So long as no pictures are carried over, output the records below exactly.

-------- DATA FOR THE TASK

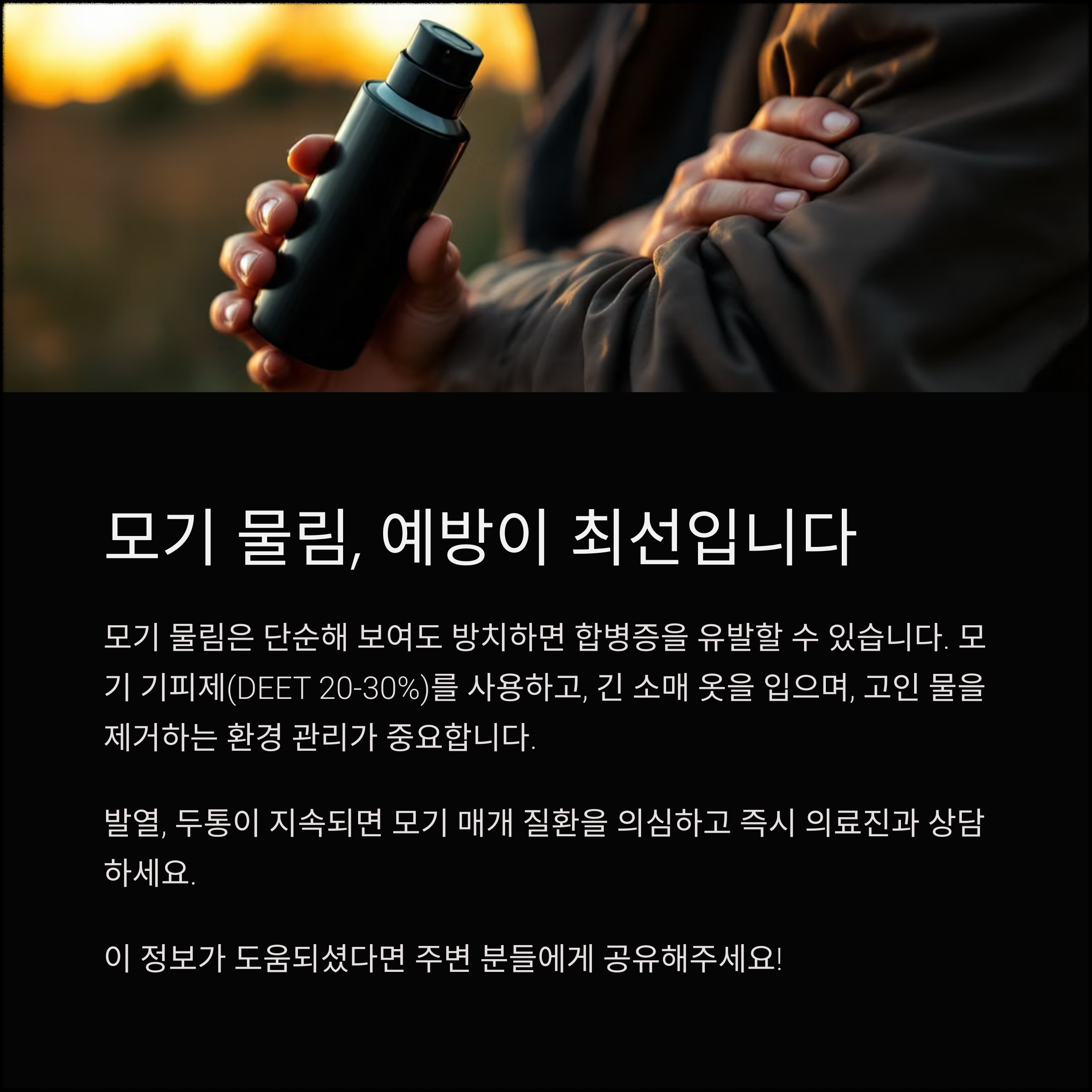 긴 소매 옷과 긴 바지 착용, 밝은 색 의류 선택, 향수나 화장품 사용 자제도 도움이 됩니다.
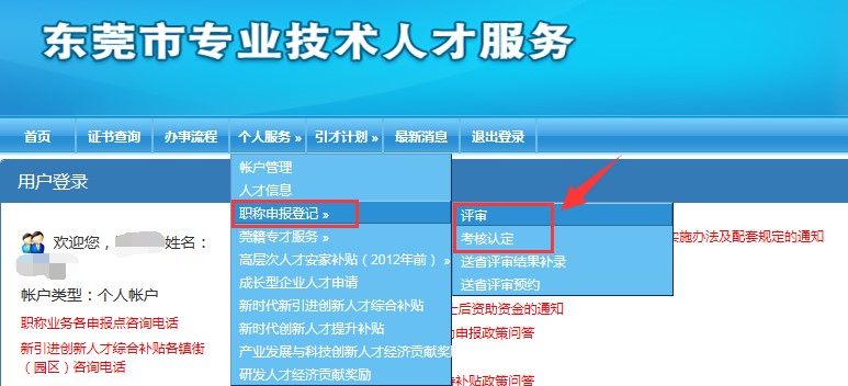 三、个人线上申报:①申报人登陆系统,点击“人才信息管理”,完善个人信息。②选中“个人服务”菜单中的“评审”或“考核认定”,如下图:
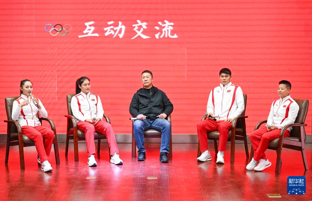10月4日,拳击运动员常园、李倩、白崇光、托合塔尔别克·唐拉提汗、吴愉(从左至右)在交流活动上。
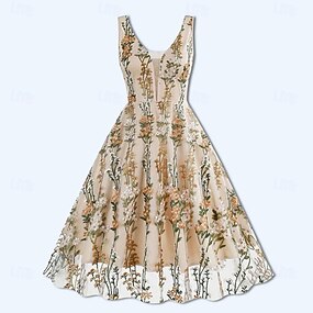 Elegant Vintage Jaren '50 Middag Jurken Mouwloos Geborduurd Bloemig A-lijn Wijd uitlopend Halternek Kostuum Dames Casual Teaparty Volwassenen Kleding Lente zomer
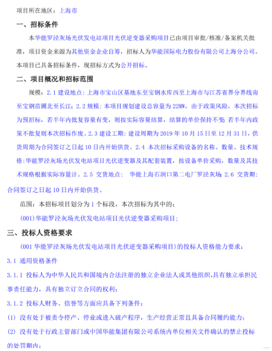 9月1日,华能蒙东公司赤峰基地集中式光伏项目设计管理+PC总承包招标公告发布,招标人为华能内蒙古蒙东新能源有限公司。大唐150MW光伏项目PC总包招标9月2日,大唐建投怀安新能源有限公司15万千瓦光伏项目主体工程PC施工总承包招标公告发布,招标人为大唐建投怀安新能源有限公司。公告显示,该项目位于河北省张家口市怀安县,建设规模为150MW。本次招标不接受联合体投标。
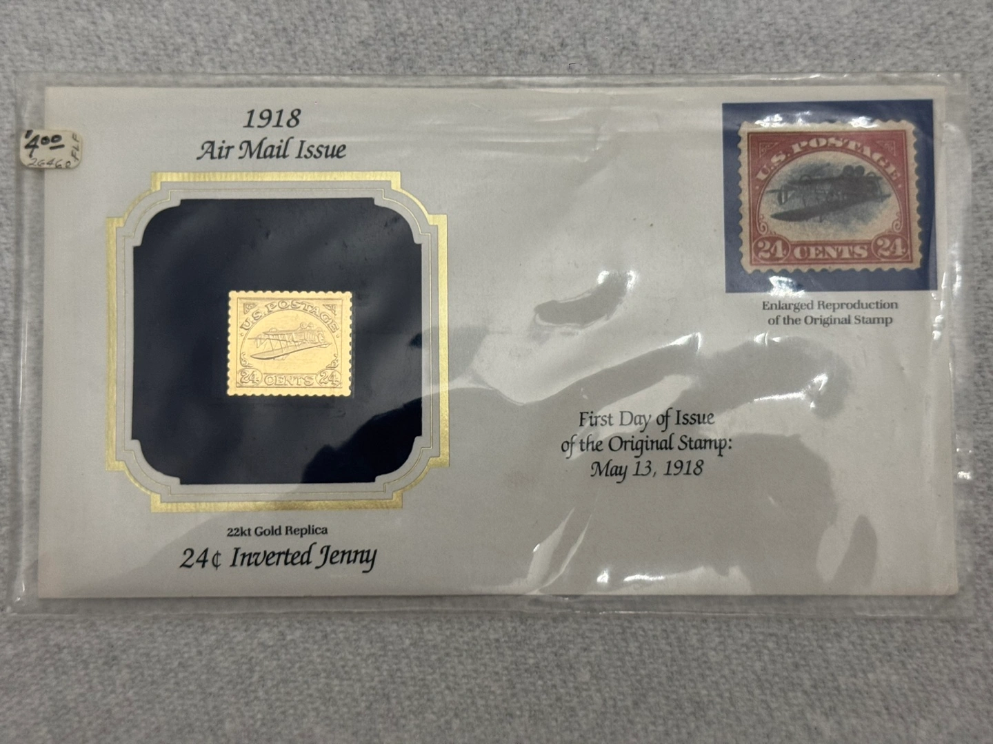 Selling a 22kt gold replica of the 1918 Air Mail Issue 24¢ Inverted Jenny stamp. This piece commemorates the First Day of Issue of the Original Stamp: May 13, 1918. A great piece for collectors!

----------------

• [WORKED SOLUTION]
 긴 소매 옷과 긴 바지 착용, 밝은 색 의류 선택, 향수나 화장품 사용 자제도 도움이 됩니다.
 三、个人线上申报:①申报人登陆系统,点击“人才信息管理”,完善个人信息。②选中“个人服务”菜单中的“评审”或“考核认定”,如下图:
10月4日,拳击运动员常园、李倩、白崇光、托合塔尔别克·唐拉提汗、吴愉(从左至右)在交流活动上。
 Elegant Vintage Jaren '50 Middag Jurken Mouwloos Geborduurd Bloemig A-lijn Wijd uitlopend Halternek Kostuum Dames Casual Teaparty Volwassenen Kleding Lente zomer
 9月1日,华能蒙东公司赤峰基地集中式光伏项目设计管理+PC总承包招标公告发布,招标人为华能内蒙古蒙东新能源有限公司。大唐150MW光伏项目PC总包招标9月2日,大唐建投怀安新能源有限公司15万千瓦光伏项目主体工程PC施工总承包招标公告发布,招标人为大唐建投怀安新能源有限公司。公告显示,该项目位于河北省张家口市怀安县,建设规模为150MW。本次招标不接受联合体投标。
 Selling a 22kt gold replica of the 1918 Air Mail Issue 24¢ Inverted Jenny stamp. This piece commemorates the First Day of Issue of the Original Stamp: May 13, 1918. A great piece for collectors!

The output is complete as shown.